Title: P7: a sensor monitoring and management framework for industrial sensor networks

Authors: Yu Liu; Changjie Zhang; Hongbin Wang; Xuewu Li

Addresses: School of Computer Science and Engineering, Beihang University, Beijing 100191, China ' School of Computer Science and Engineering, Beihang University, Beijing 100191, China ' Strength Test Department, AVIC Shenyang Engine Design and Research Institute, Shenyang 110015, China ' FPGA Department, Beijing Microelectronics Technology Institution, Beijing, 100076, China

Abstract: Many applications based-on sensor networks have recently been founded in industrial monitoring area.
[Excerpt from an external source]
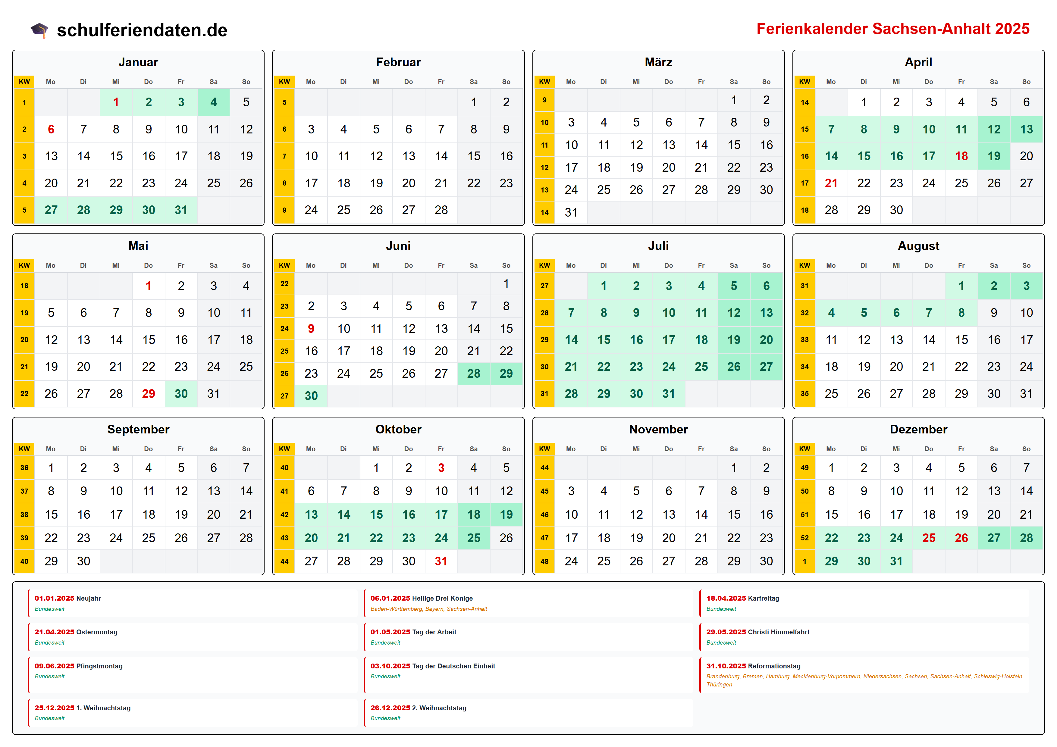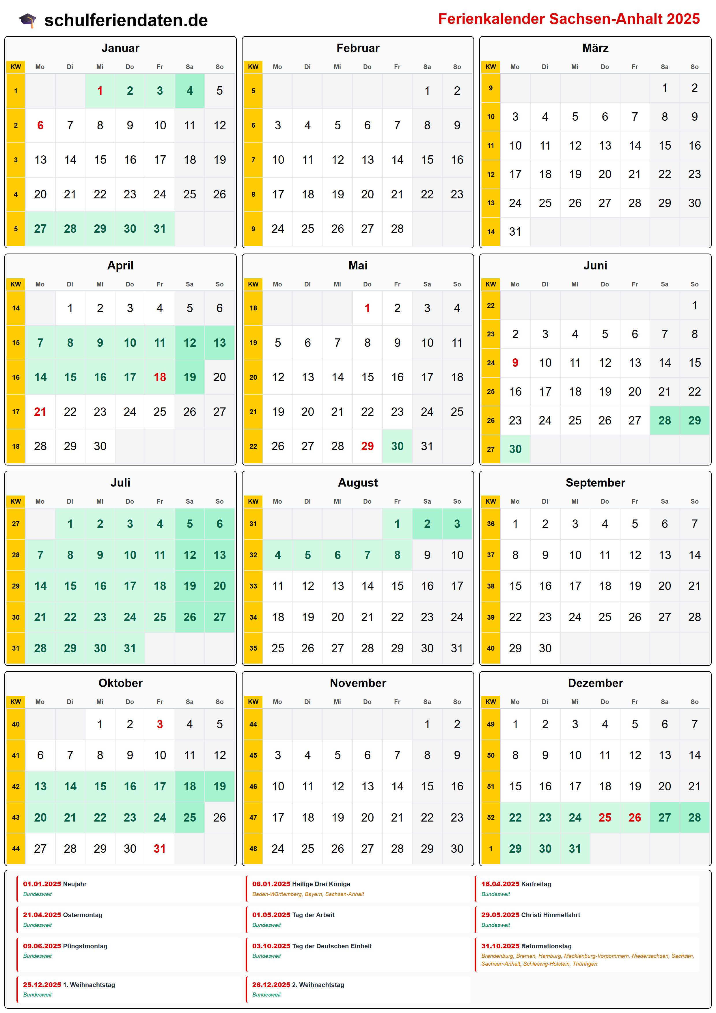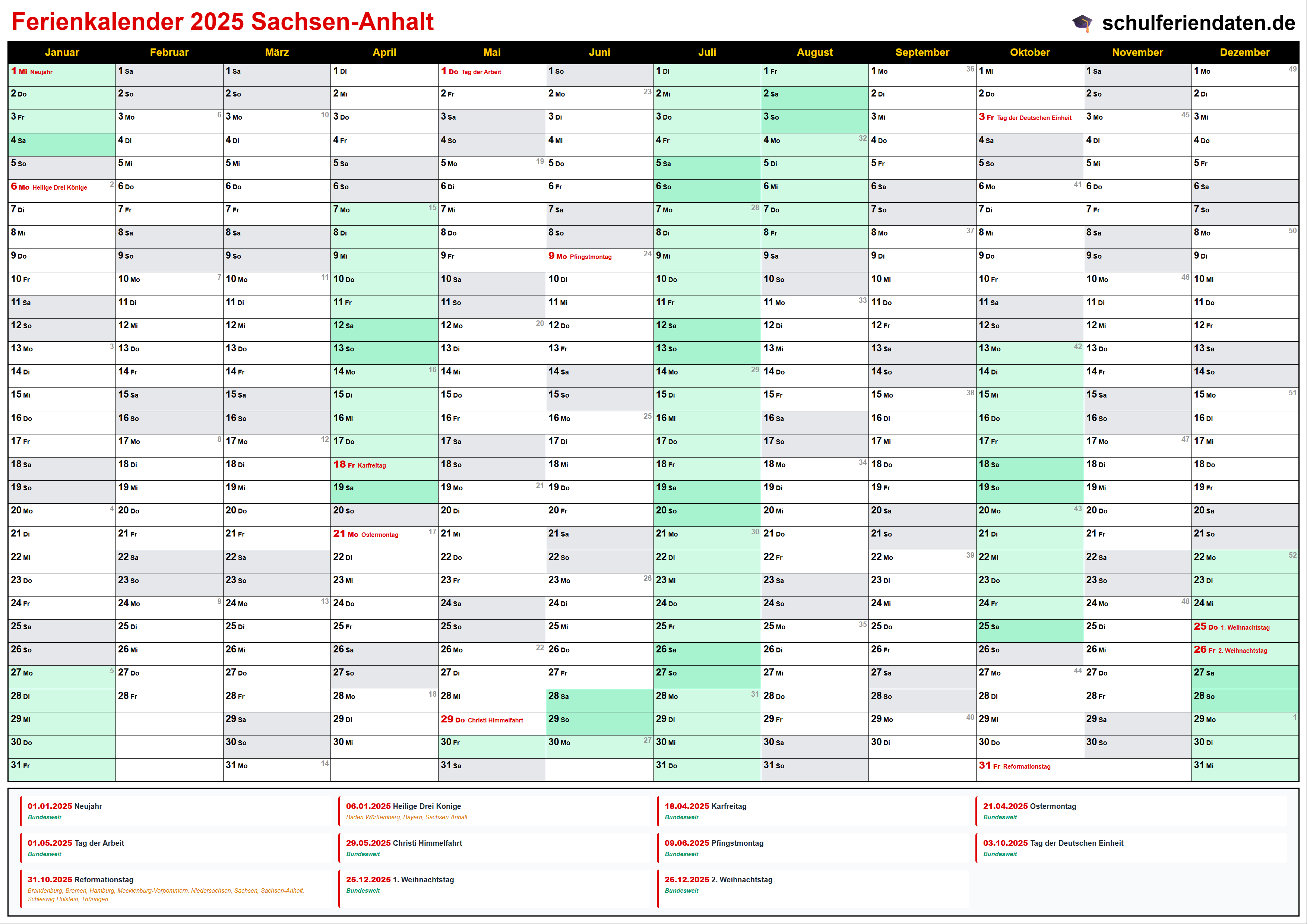 Hier finden Sie alle Schulferien 2025 in Sachsen-Anhalt – übersichtlich im Kalender mit Kalenderwochen (KW) und markierten Feiertagen.

We motivate our technique in the context of the problem of sensor fault detection, sensor state recognition and health management. We use time windows to format the recent sensor data and the reduction results can be used to detect the data-centric faults. We divide sensors into groups and define the state transformation space to represent the normal sensor status. And we propose a lifetime prediction method for sensor management. We propose the framework of P7 which evaluates the sensor data from seven perspectives and give a ranking operator to each dimension respectively. Finally we figure out a health degree for the sensor. A system based on P7 is proposed and we test this application for 14 months. The results of our case study indicate that P7 can detect not less than 90% sensor faults successfully and help the user to maintenance the sensor easily.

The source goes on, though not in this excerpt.